• [WHAT TO WORK ON]
Copy every entry as is. Leave images out.

• [DATA LISTING]
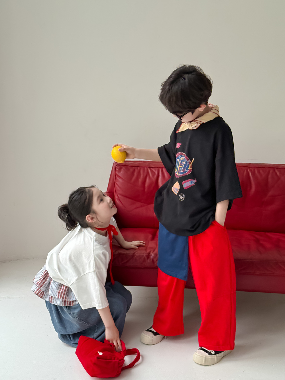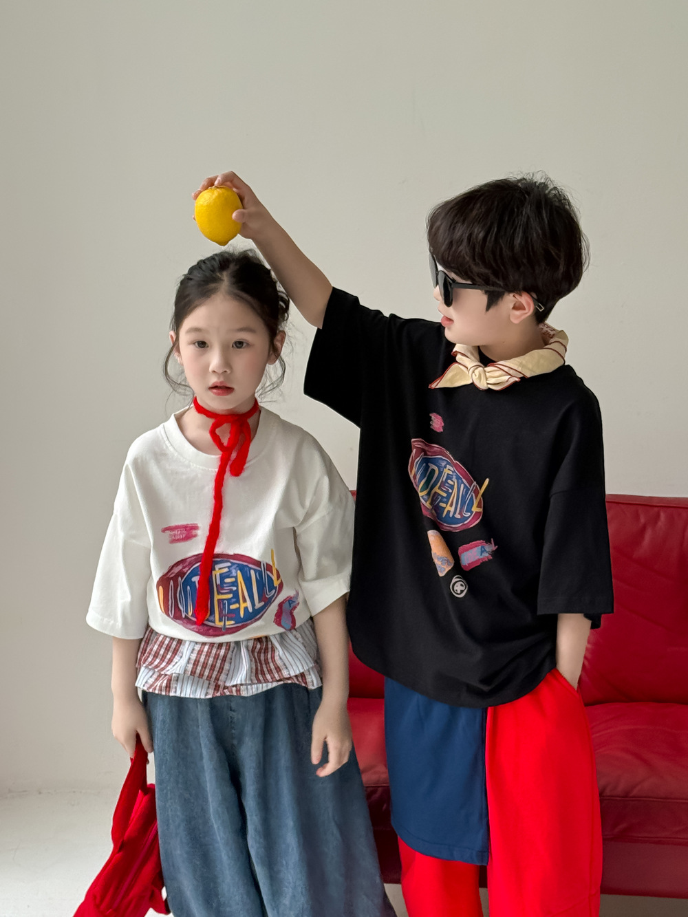 어린이 티셔츠 2025 여름 한국식 만화 편지 인쇄 반팔 어린이 둥근 목 캐주얼 루즈 탑 소년 소녀
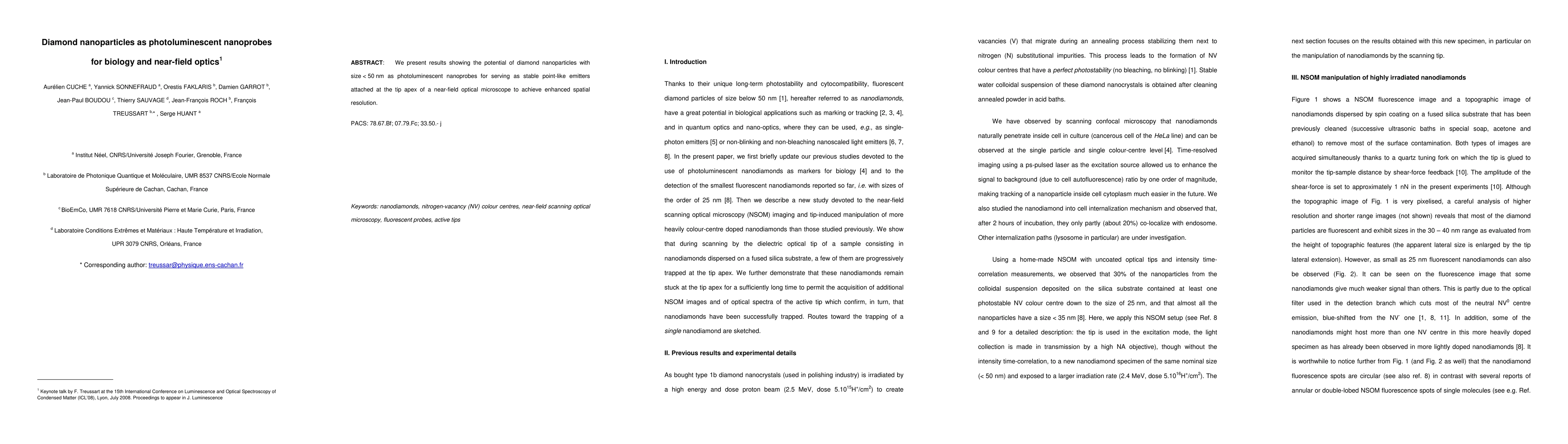 Summary: Diamond nanoparticles under 50 nm in size exhibit photoluminescent properties, making them effective nanoprobes for near-field optical microscopy, enhancing spatial resolution when attached to the tip apex of a microscope.
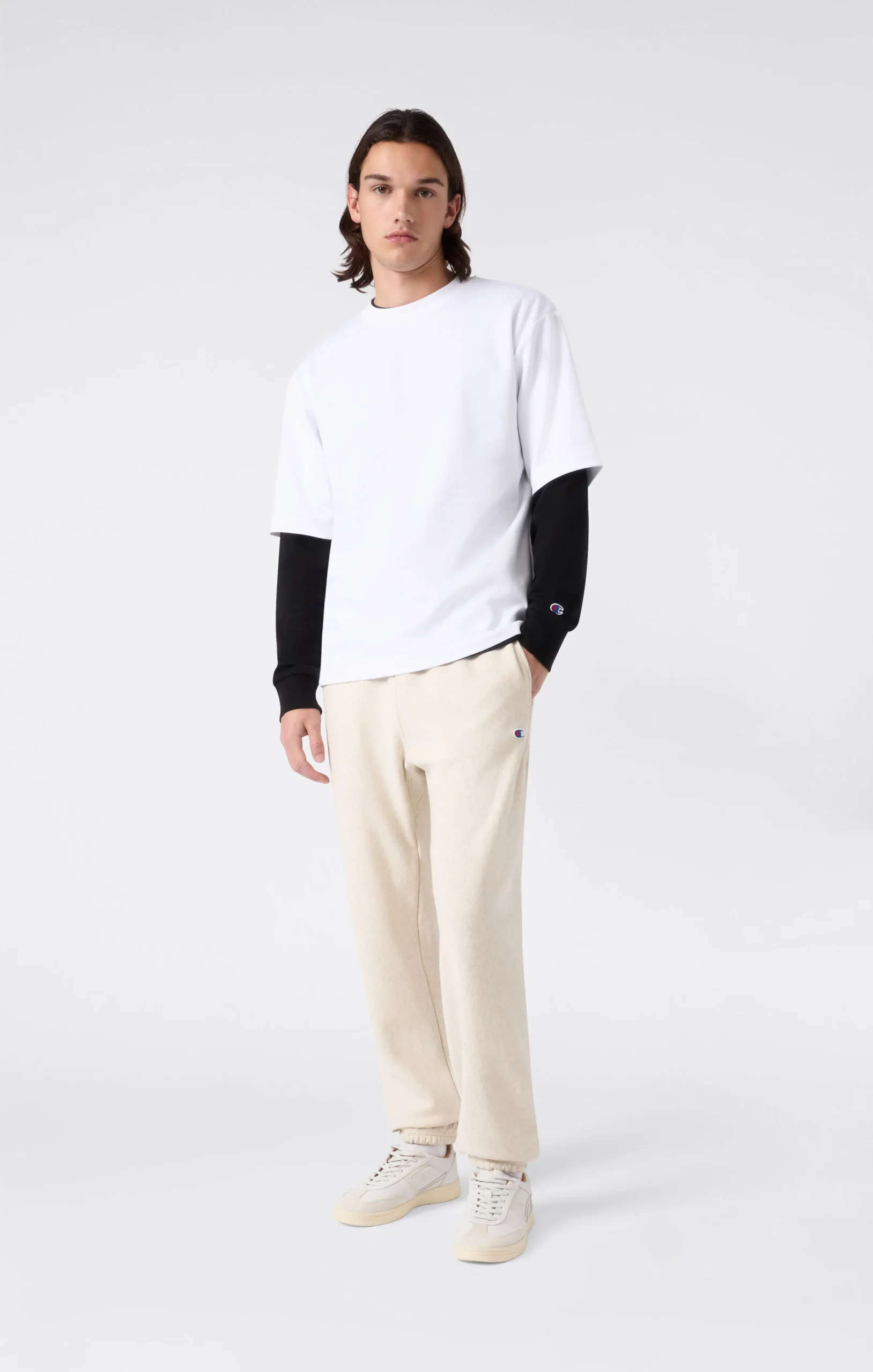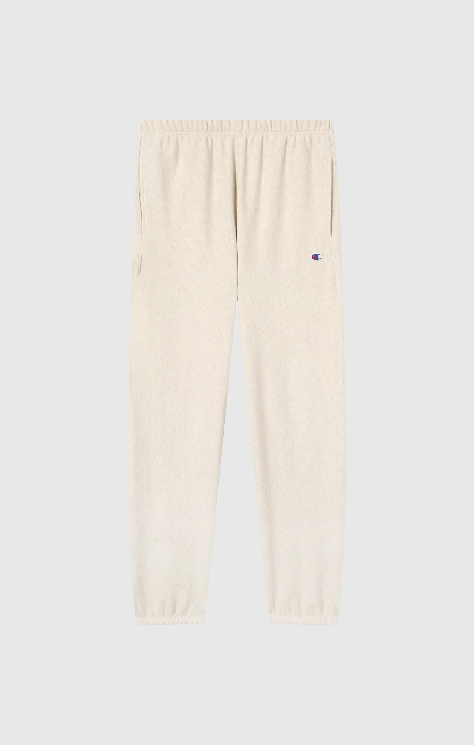 Designed to offer timeless comfort and style, these elastic-cuff pants are part of Champion’s historic Reverse Weave line. Made from 400 g/m² terry fabric with an unbrushed interior, they provide durability, breathability and lasting comfort, making them ideal for mild temperatures and transitional seasons. The exclusive Reverse Weave construction, patented in 1934, is engineered to reduce shrinkage and maintain the original shape wash after wash. The standard fit ensures freedom of movement and a clean, contemporary look, while the back pocket adds a practical touch to the brand’s iconic design.@@@Fabric: Soft Reverse Terry Solid Colors 400 g/m² |Composition: 82% Cotton, 18% Polyester |Unbrushed Terry fabric |Reverse Weave fabric: designed to resist shrinkage and maintain its shape |Elastic cuffed hems |Applied back pocket |Embroidered C patch |Standard Fit: versatile and comfortable fit with standard widths and lengths.
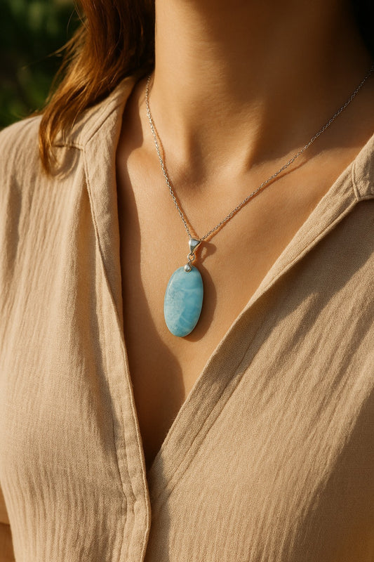 Collier en Larimar Naturel – Pierre Bleue Apaisante et Énergétique
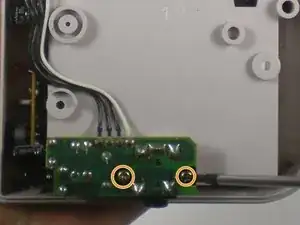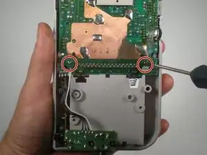 Снимите два винта, которыми плата крепится к корпусу, используя отвертку Phillips №00. Это даст доступ к точкам подключения разъёма для наушников.
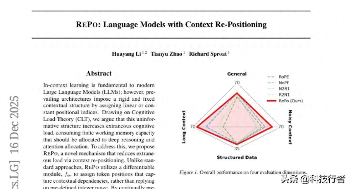 当今,如果让你读一册狼籍的书,内部的章节毫无行径,进军信息被无关内容包围,你会若何办?大多数东谈主会自关联词然地重新整理这些内容,把联系的部分归类,把进军的信息提到前边。但是,现时的大谈话模子却无法作念到这少量——它们只可按照预设的固定行径来处理文本信息。这项由日本Sakana AI公司的李华阳、赵天宇和Richard Sproat共同完成的筹商,于2024年12月发表在预印本平台arXiv上(论文编号:2512.14391v1),淡薄了一种名为REPO(Re-Positioning)的创新方法,初次让大谈话模子赢得了重新组织高下文信息的武艺。
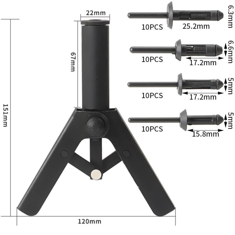 【複数タイプのリベット】:手動リベットキットには、異なるタイプのリベットが含まれており、その中にはプラスチックリベットも含まれています。これらのリベットは金属、プラスチック、その他の材料の接続に使用され、しっかりとした信頼性のある接続効果を提供します。
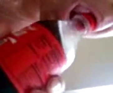 Thin first-timer friend opening up her poon with Coca-cola bottle
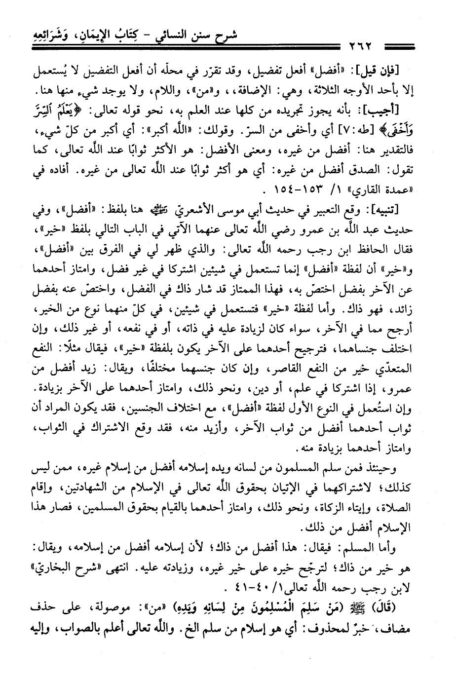 وحينئذ فمن سلم المسلمون منْ لسانه ويده إسلامه أفضل منْ إسلام غيره، ممن ليس كذلك؛ لاشتراكهما فِي الإتيان بحقوق الله تعالى فِي الإسلام منْ الشهادتين، وإقام الصلاة، وإيتاء الزكاة، ونحو ذلك، وامتاز أحدهما بالقيام بحقوق المسلمين، فصار هَذَا الإسلام أفضل منْ ذلك.
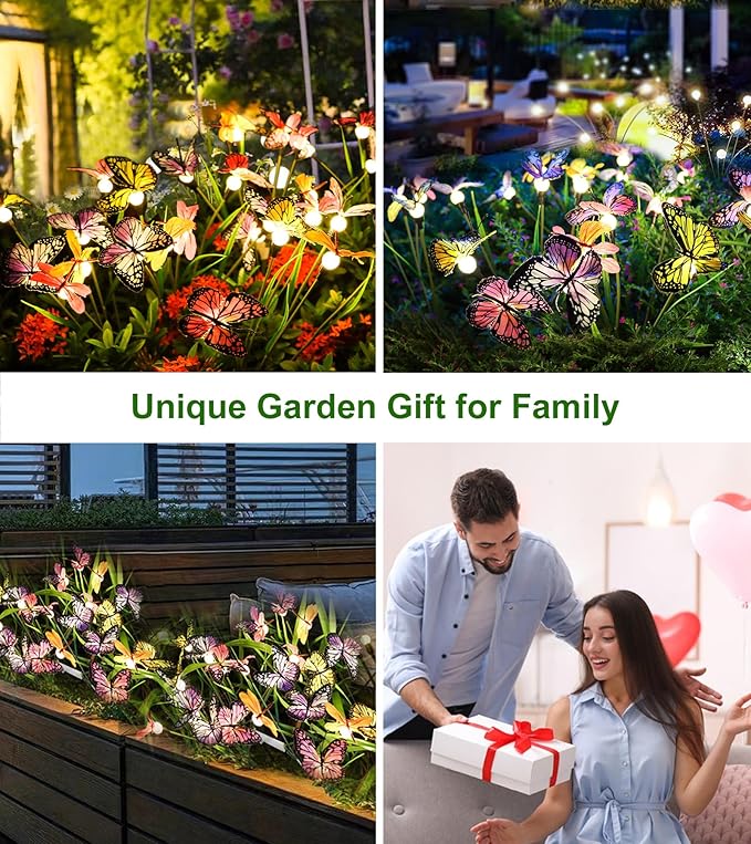 - 【Garden Decorations & Yard Decor Gift】Perfect Gift for Garden Lovers-With their stunning design and reliable construction, these solar butterfly lights make a perfect gift for birthdays, housewarmings, or any special occasion. A thoughtful, practical gift for anyone who loves nature and outdoor decor, these lights will brighten any garden, yard, or patio.

• [ANSWER SECTION]
 어린이 티셔츠 2025 여름 한국식 만화 편지 인쇄 반팔 어린이 둥근 목 캐주얼 루즈 탑 소년 소녀
 Summary: Diamond nanoparticles under 50 nm in size exhibit photoluminescent properties, making them effective nanoprobes for near-field optical microscopy, enhancing spatial resolution when attached to the tip apex of a microscope.
 Designed to offer timeless comfort and style, these elastic-cuff pants are part of Champion’s historic Reverse Weave line. Made from 400 g/m² terry fabric with an unbrushed interior, they provide durability, breathability and lasting comfort, making them ideal for mild temperatures and transitional seasons. The exclusive Reverse Weave construction, patented in 1934, is engineered to reduce shrinkage and maintain the original shape wash after wash. The standard fit ensures freedom of movement and a clean, contemporary look, while the back pocket adds a practical touch to the brand’s iconic design.@@@Fabric: Soft Reverse Terry Solid Colors 400 g/m² |Composition: 82% Cotton, 18% Polyester |Unbrushed Terry fabric |Reverse Weave fabric: designed to resist shrinkage and maintain its shape |Elastic cuffed hems |Applied back pocket |Embroidered C patch |Standard Fit: versatile and comfortable fit with standard widths and lengths.
 Collier en Larimar Naturel – Pierre Bleue Apaisante et Énergétique
 Снимите два винта, которыми плата крепится к корпусу, используя отвертку Phillips №00. Это даст доступ к точкам подключения разъёма для наушников.
 当今,如果让你读一册狼籍的书,内部的章节毫无行径,进军信息被无关内容包围,你会若何办?大多数东谈主会自关联词然地重新整理这些内容,把联系的部分归类,把进军的信息提到前边。但是,现时的大谈话模子却无法作念到这少量——它们只可按照预设的固定行径来处理文本信息。这项由日本Sakana AI公司的李华阳、赵天宇和Richard Sproat共同完成的筹商,于2024年12月发表在预印本平台arXiv上(论文编号:2512.14391v1),淡薄了一种名为REPO(Re-Positioning)的创新方法,初次让大谈话模子赢得了重新组织高下文信息的武艺。
 【複数タイプのリベット】:手動リベットキットには、異なるタイプのリベットが含まれており、その中にはプラスチックリベットも含まれています。これらのリベットは金属、プラスチック、その他の材料の接続に使用され、しっかりとした信頼性のある接続効果を提供します。
 Thin first-timer friend opening up her poon with Coca-cola bottle
 وحينئذ فمن سلم المسلمون منْ لسانه ويده إسلامه أفضل منْ إسلام غيره، ممن ليس كذلك؛ لاشتراكهما فِي الإتيان بحقوق الله تعالى فِي الإسلام منْ الشهادتين، وإقام الصلاة، وإيتاء الزكاة، ونحو ذلك، وامتاز أحدهما بالقيام بحقوق المسلمين، فصار هَذَا الإسلام أفضل منْ ذلك.
 - 【Garden Decorations & Yard Decor Gift】Perfect Gift for Garden Lovers-With their stunning design and reliable construction, these solar butterfly lights make a perfect gift for birthdays, housewarmings, or any special occasion. A thoughtful, practical gift for anyone who loves nature and outdoor decor, these lights will brighten any garden, yard, or patio.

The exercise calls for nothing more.